┌─ DATASET EXTRACT

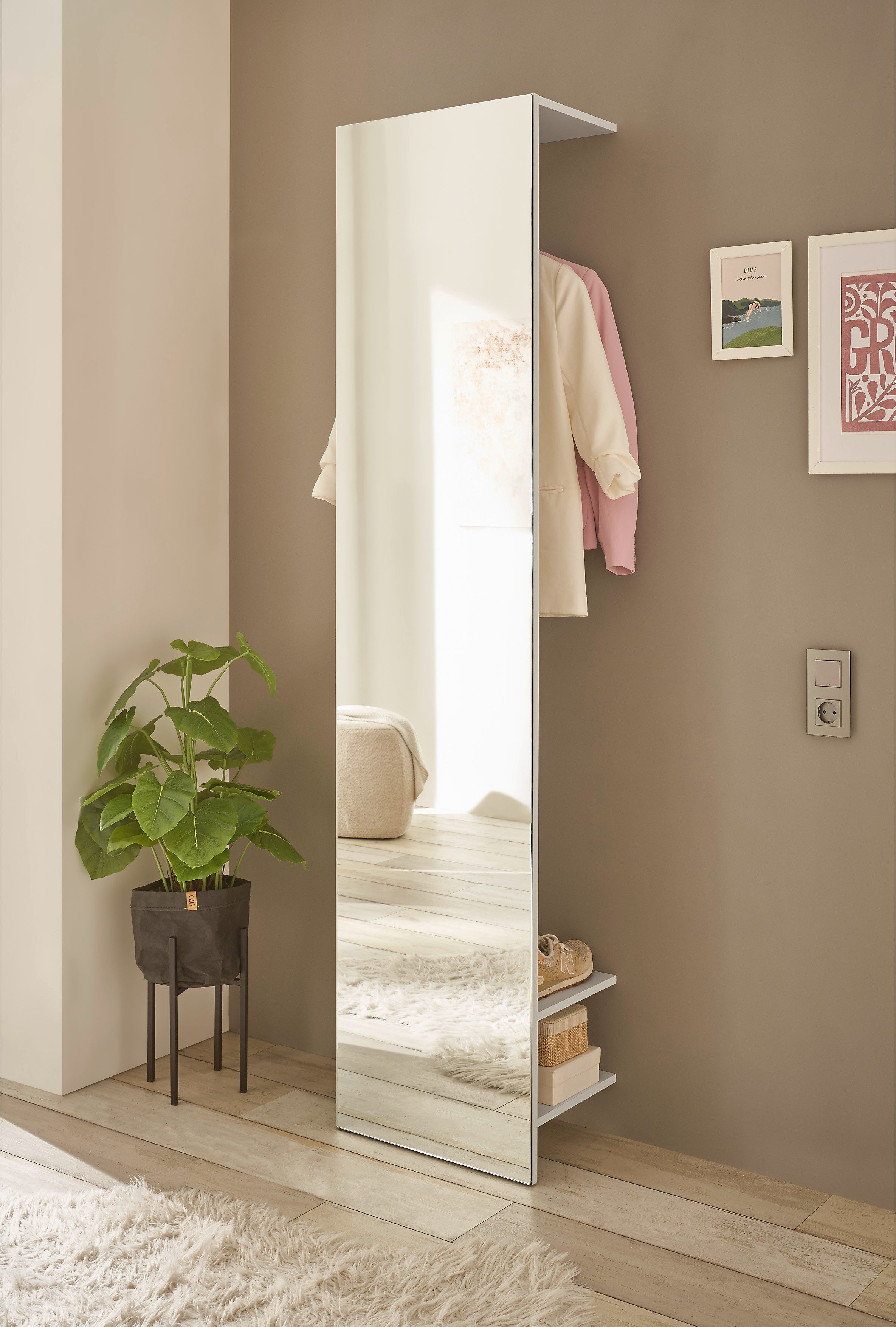 An diesem Garderobenschrank »GiRON/CiTY, Schrank mit Spiegelfront, moderner Kleiderschrank« von INOSIGN kann dein Besuch seine Jacken und Schuhe bequem ablegen. So sorgst du immer für einen aufgeräumten Flur. Aus Holzwerkstoff hergestellt, erhält der Schrank eine besonders stabile Struktur. Hergestellt wurde das Produkt in Europa.
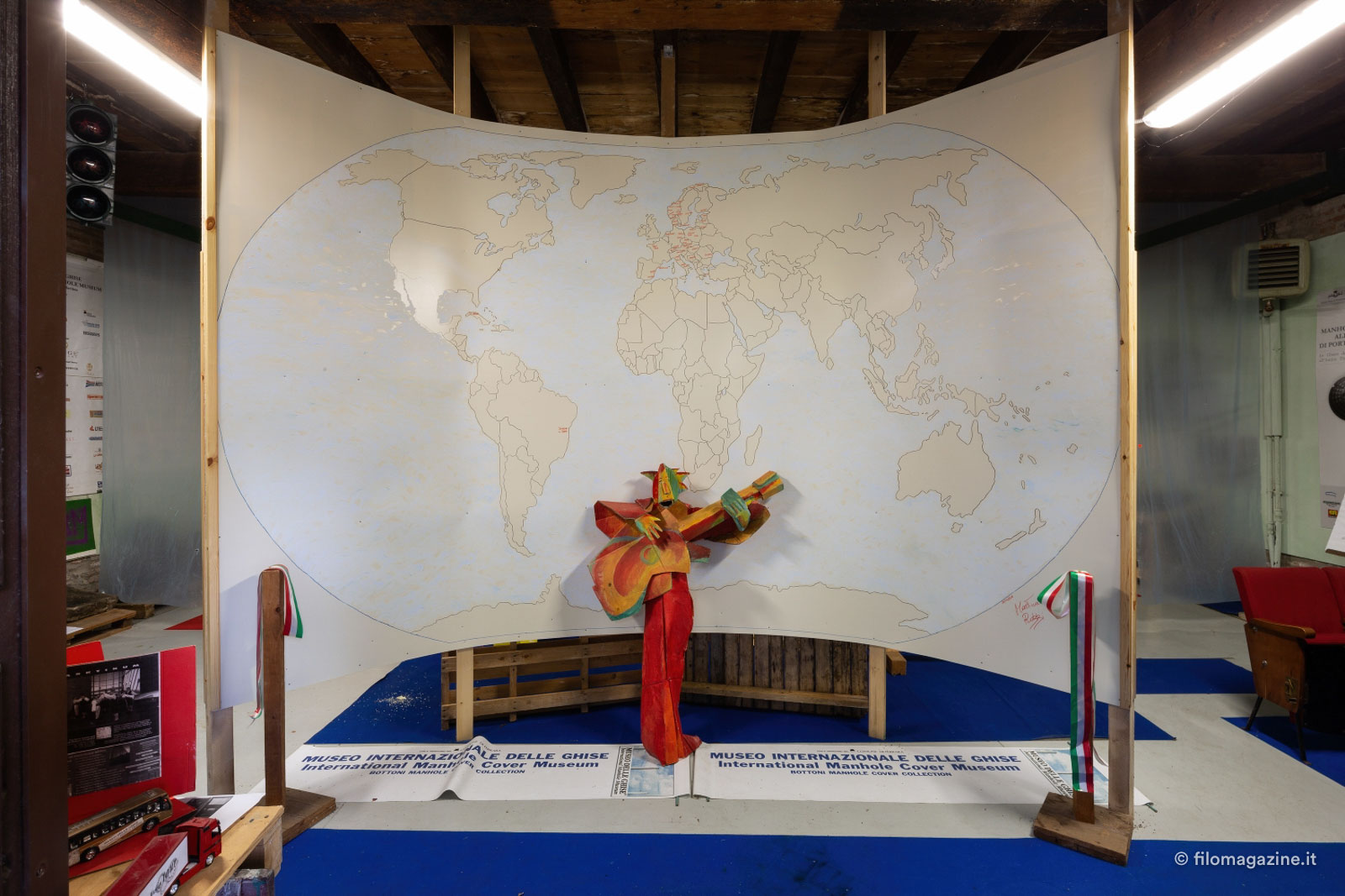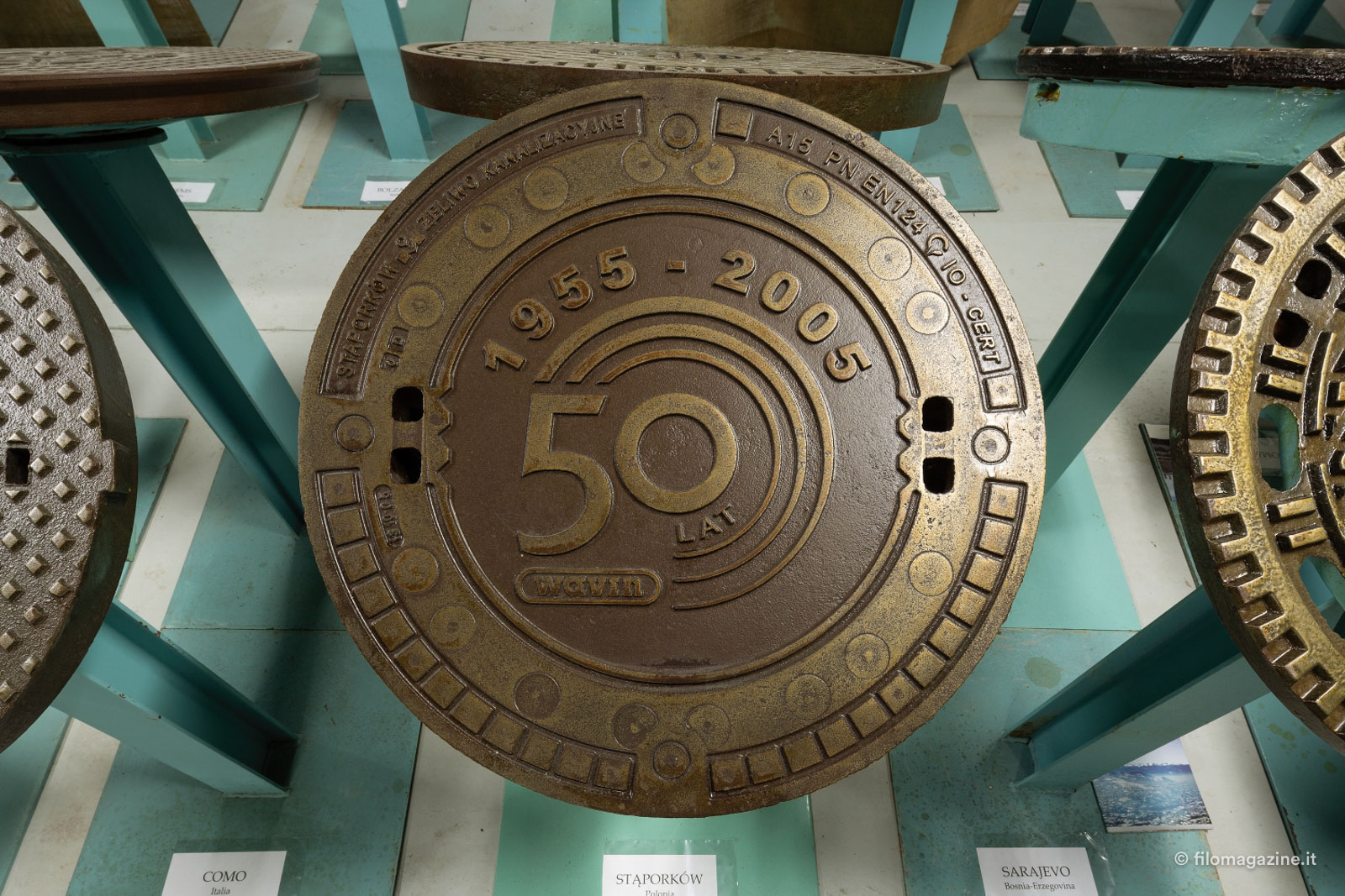 Interpellato e prontissimo, Modonesi ci spiega: “Come sempre, quando Stefano presenta un’ idea, un progetto, si rimane trasportati dall’entusiasmo e dalla sua voglia di realizzarlo. Questo suo modo di illustrarti le cose mette, quasi fin da subito, in secondo piano i dubbi sorti al pensiero del raccogliere in giro per il modo ghise e tombini per farli divenire oggetti museali. Penso fossero trascorse appena un paio di settimane dalla presentazione dell’idea (e dalla mia disponibilità nel sostenerla) al giorno in cui vidi Stefano ritornare nel mio ufficio con una bozza di lettera e un primo indirizzario di almeno una trentina di municipalità alle quali richiedere gratuitamente la spedizione dei chiusini. E, non solo con il mio stupore ma sicuramente anche con quello di Bottoni, quasi fin da subito abbiamo ricevuto delle risposte assolutamente positive. E da lì, lettera in lettera, tombino in tombino, siamo arrivati alla creazione del nostro Manhole Museum.”
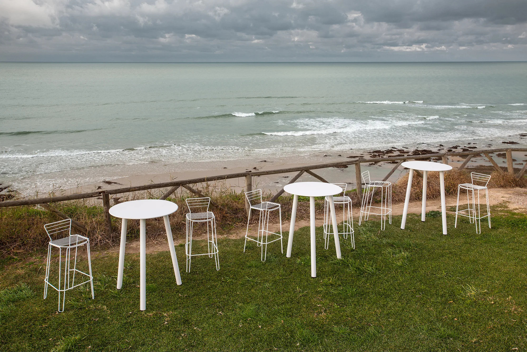 The CORSICA collection features tables crafted from galvanized steel with a polyester powder coating, ensuring durability and versatility for various settings. These modern design tables are ideal for both indoor and outdoor environments, making them suitable for restaurants, conference rooms, coworking spaces, cafés, event venues, banquet halls, and educational institutions. The robust construction provides reliable support, while the sleek design complements any décor. Additionally, the collection includes ergonomic and stackable café chairs, offering comfortable and space-efficient seating solutions. This furniture range is designed to meet the demands of high-traffic areas, providing a practical and stylish option for dining tables and conference room furniture.
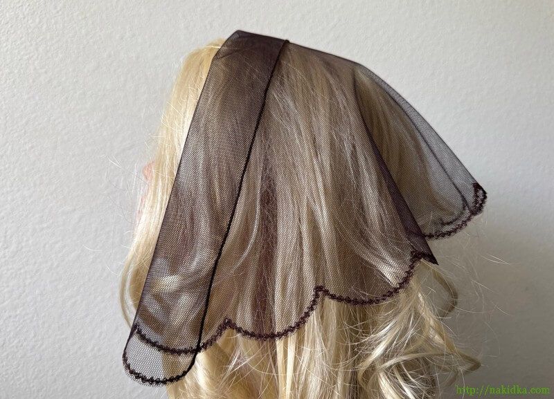 | Темно-коричневая фатиновая накидка с коричневым вышитым узором |

└─

WHAT YOU SHOULD DO — Copy the data verbatim, skipping any image it holds.

TASK OUTPUT —
 An diesem Garderobenschrank »GiRON/CiTY, Schrank mit Spiegelfront, moderner Kleiderschrank« von INOSIGN kann dein Besuch seine Jacken und Schuhe bequem ablegen. So sorgst du immer für einen aufgeräumten Flur. Aus Holzwerkstoff hergestellt, erhält der Schrank eine besonders stabile Struktur. Hergestellt wurde das Produkt in Europa.
 Interpellato e prontissimo, Modonesi ci spiega: “Come sempre, quando Stefano presenta un’ idea, un progetto, si rimane trasportati dall’entusiasmo e dalla sua voglia di realizzarlo. Questo suo modo di illustrarti le cose mette, quasi fin da subito, in secondo piano i dubbi sorti al pensiero del raccogliere in giro per il modo ghise e tombini per farli divenire oggetti museali. Penso fossero trascorse appena un paio di settimane dalla presentazione dell’idea (e dalla mia disponibilità nel sostenerla) al giorno in cui vidi Stefano ritornare nel mio ufficio con una bozza di lettera e un primo indirizzario di almeno una trentina di municipalità alle quali richiedere gratuitamente la spedizione dei chiusini. E, non solo con il mio stupore ma sicuramente anche con quello di Bottoni, quasi fin da subito abbiamo ricevuto delle risposte assolutamente positive. E da lì, lettera in lettera, tombino in tombino, siamo arrivati alla creazione del nostro Manhole Museum.”
 The CORSICA collection features tables crafted from galvanized steel with a polyester powder coating, ensuring durability and versatility for various settings. These modern design tables are ideal for both indoor and outdoor environments, making them suitable for restaurants, conference rooms, coworking spaces, cafés, event venues, banquet halls, and educational institutions. The robust construction provides reliable support, while the sleek design complements any décor. Additionally, the collection includes ergonomic and stackable café chairs, offering comfortable and space-efficient seating solutions. This furniture range is designed to meet the demands of high-traffic areas, providing a practical and stylish option for dining tables and conference room furniture.
 | Темно-коричневая фатиновая накидка с коричневым вышитым узором |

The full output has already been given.